Ten years after the death of William Fowler the merchant, their son William Fowler (the poet) went to London and visited the French ambassador Michel de Castelnau. He hoped the ambassador would help him get payment for an old debt owed to his father by Mary, Queen of Scots. Fowler described his meetings with the ambassador in letters to Francis Walsingham. He mentioned in May 1583 that his mother, Janet Fockart, despaired of recovering the debt. She had already written for repayment to the French administrators of Mary's dowry, including the Archbishop of Glasgow, Péguillon, and René Dolu, to no avail.

Janet Fokart's customers included Margaret Kennedy, Countess of Orkney, an account of her expenses in 1584 includes debts to Fockart.

==William Fowler's house==
Janet and her husband had a large house near or on the Royal Mile of Edinburgh, and the site was called Fowler's Close and later, Anchor Close. Janet, as a widow, let parts of this house for rent.
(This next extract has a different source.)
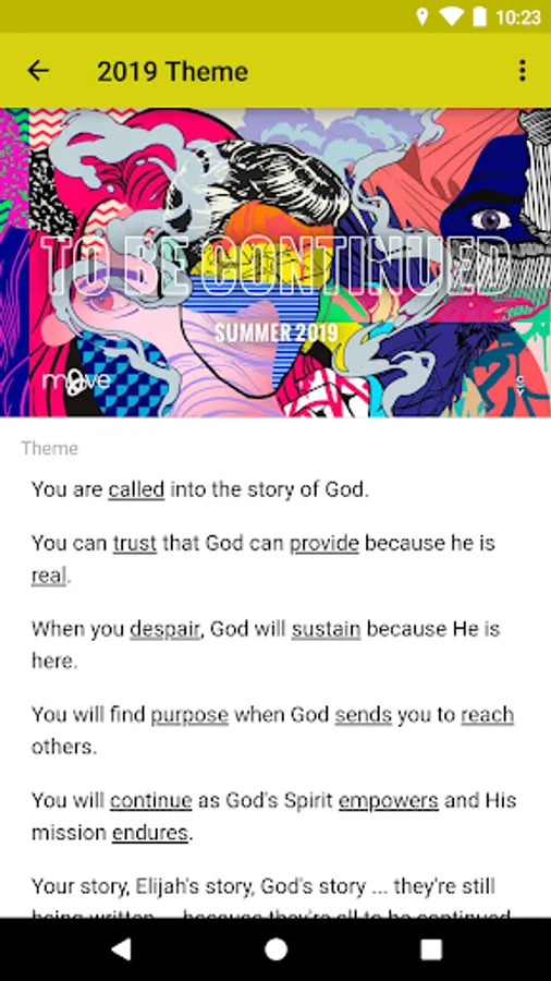 • Teaching Notes. If you’re sitting in a main session and hear something you want to touch on later, or if you’re in a small group time and a conversation begins that you know you’ll want to revisit later – just use your CIY MOVE app to create notes and reminders for use at a later time.

In May 1578 a roof-slater William Robesoun was punished outside the house for slandering Eleanor Bowes, the wife of the English ambassador Robert Bowes who was lodged there.
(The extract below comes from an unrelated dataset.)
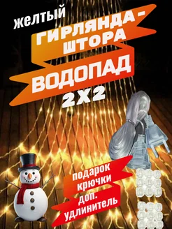 Гирлянда штора "Водопад" 2х2 желтого цвета

Esmé Stewart lodged in the house in 1579 when he first arrived from France and before his departure in 1583. In September 1584, she hosted a party of German tourists including Lupold von Wedel who went riding with her son, the poet William Fowler. The Earl of Huntly prepared a banquet for the king and others in the house in March 1589.

Robert Bowes was lodged in the house in January 1592, and reported that it was being prepared for James VI and Anne of Denmark, who needed extra security because of the threat posed by the Earl of Bothwell. In September 1593, Bowes' wife Eleanor organised a dinner at the lodging, serving venison in the English manner for the Earl and Countess of Atholl, and they were joined by the Earl and Countess of Bothwell.

In the early 1590s Giacomo Castelvetro, an Italian writer who served James VI as a language tutor and secretary, lodged with them and Eleanor Bowes made friends with his wife, Isotta de Canonici, the widow of Thomas Erastus.

The court of Scottish exchequer met in the house in 1593. Janet and her elder son, the merchant William Fowler, litigated over her management of the building's fabric.

In September 1594, the lairds of Buccleuch and Cessford stayed secretly in the house, to meet with the Master of Glamis.

==Janet Fockart's inventory==
Janet Fokart died on 17 May 1596. Her children made an inventory of her goods, starting with the gold and silver coins in her purse. In the shop or "merchant booth" there was a piece of "Dornick" linen, a wheel for spinning lint, and a piece of tapestry worth £80, some men's clothes, and 16 old-fashioned hats, with a miscellany of items including three gold crêpes and four "kells" for women to wear in their hair. Her jewelry included several bracelets, a pendant of brooch depicting Noah's Ark, a pair of gold garnishings (front and back) for her hair, chains, rings, tablets, precious stones, and a jewel "efter the signe of ane parokat", depicting a parakeet or parrot.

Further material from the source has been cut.